When this lurch back to the right again failed electorally in 1987, the
leadership took the party even further rightwards by ditching nuclear
disarmament, completing the expulsion of Militant supporters and refusing
to support the mass campaign of non-payment of the poll tax. A policy
review process was set up to ditch Labour’s commitment to public ownership
and shadow Chancellor John Smith launched a “prawn cocktail offensive”
designed to woo the City of London and reassure finance and multinational
capital that Labour was on their side.
Yet another right wing failure in 1992 brought about the end of Kinnock
but not of Labour’s continuing jettisoning of any remaining socialist
baggage. John Smith began by introducing reforms designed to weaken the
influence of trade unions within the party. When Blair succeeded him
following his untimely death, the lurch to the right was completed with
the scrapping of Clause 4 and the creation of New Labour committed to
a low tax, deregulated, dynamic market economy.
Missing from the above analysis, of course, is an explanation of why
the Labour Left, so close to seizing control of the party in the early
eighties, should have failed to resist the right wing juggernaut that
ripped the socialist heart out of the party. Partly, it was down to these
changes having taken place during the wilderness of 18 years of opposition.
The focus for many on the Left then was resistance against the class
war being waged by the Thatcher and Major governments rather than on
internal Labour policy changes. Large numbers had in any case given up
on Labour to pursue the fight for socialism elsewhere.
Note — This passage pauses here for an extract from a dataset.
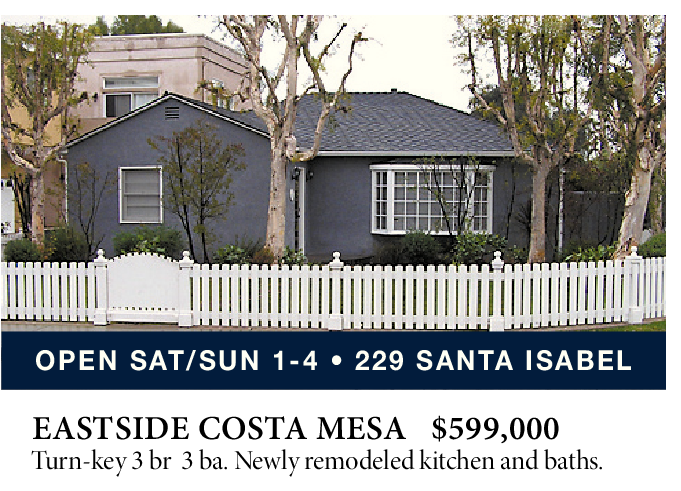 EASTSIDE COSTA MESA $599,000 Turn-key 3 br 3 ba. Newly remodeled kitchen and baths.

For those of us
who remained in the party, the priority remained first defeat the Tories
and then deal with New Labour. Some even clung to the hope that once
safely back in office New Labour might rediscover some socialist purpose.
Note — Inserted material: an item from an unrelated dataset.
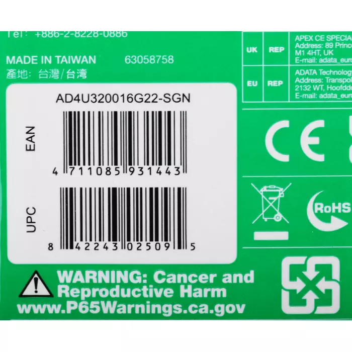 | PartNumber / Артикул Производителя | AD4U320016G22-SGN |

Any such hope was quickly abandoned when the incoming New Labour government
immediately surrendered political control over the Bank of England, stuck
to Tory spending plans and attacked single parents’ benefit. Any lingering
hopes of socialist change steadily evaporated as first Blair and then
Brown continued to attack the unions, privatise public assets, celebrate
the rich, denigrate the poor and provide militaristic support for US
imperialism around the world.
Even then some of us clung to the hope that Scottish Labour would use
the opportunity of the newly created Scottish Parliament to re-discover
the party’s working class and socialist roots and pursue devolved policies
in support of public ownership and the redistribution of income and wealth
from the rich to the poor.
But yet again eight years of Labour-Liberal Democrat coalitions were
to prove that to be a forlorn hope. Privatisation and pro business policies
were continued under Scottish New Labour management with the added ingredients
of turning means testing into a bedrock party principle and of alienating
and criminalising a generation of Scottish youth who were written off
as anti-social.
The current New Labour campaign in Glasgow East with its focus on crime
and on keeping our prisons packed full of anti-social elements speaks
volumes for a party that long ago abandoned any socialist principle and
now clings loyally to an economic and social system that is the real
cause of the poverty and inequality that haunts Glasgow’s East End.
New Labour’s candidate in the by-election was one of the chief movers
in the Scottish Parliament who secured the defeat of the SSP’s anti-Iraq
war motion in 2003. She was personally involved in ensuring the Parliament’s
support for the illegal attack on Iraq that to date has claimed the lives
of over a million innocent victims. That obviously does not trouble her
conscience. It was the final straw that ultimately led me to quit a party
I had served for more than a quarter of a century.
It is the best political decision I ever made. The fight for socialism
goes on, but it goes on in the SSP and apart and away from the New Labour
careerists who over the past generation have utterly destroyed what was
left of the British Road to Socialism.